Keywords: Cervical radiculopathy, Transcorporeal, Foraminotomy

Introduction

Cervical radiculopathy is mainly a disease of the anterior relations of the cervical nerve root, with disc herniation and uncovertebral osteophytes accounting for the majority of cases [15, 25]. Until now, posterior laminoforaminotomy and anterior discectomy with or without fusion have been the standard surgical treatments for this disease group.
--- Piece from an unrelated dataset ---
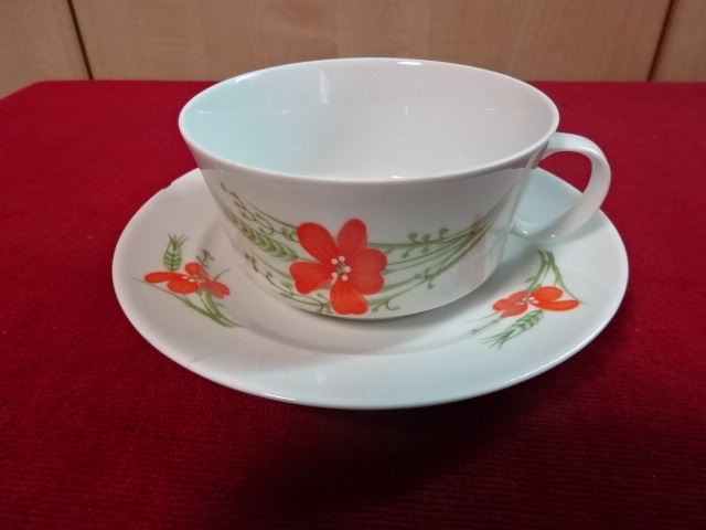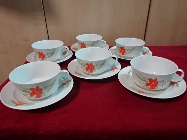 Alföldi porcelán, pipacs mintás teásbögre alátéttel, hat darab. Jókai

However, all these techniques have been associated with the limitations of indirect decompression, technical difficulties due to excessive bleeding and fusion related adjacent segment disease etc. [8, 12, 13, 15].

Since 1968, various authors have tried to use anterior microforaminotomy for decompression of these lesions but many were still removing either a part or the whole of the intervertebral disc tissue to achieve their goal [10, 16, 27, 30]. Jho, in 1996, was the first to attempt a disc sparing surgery via a transuncal approach that was later modified by Saringer and subsequently by Jho himself in 2002 [14, 15, 23]. The latest technique by Jho [15] utilizes a drill hole made into the inferolateral part of the upper vertebral body along with medial 1–2 mm of transverse foramen.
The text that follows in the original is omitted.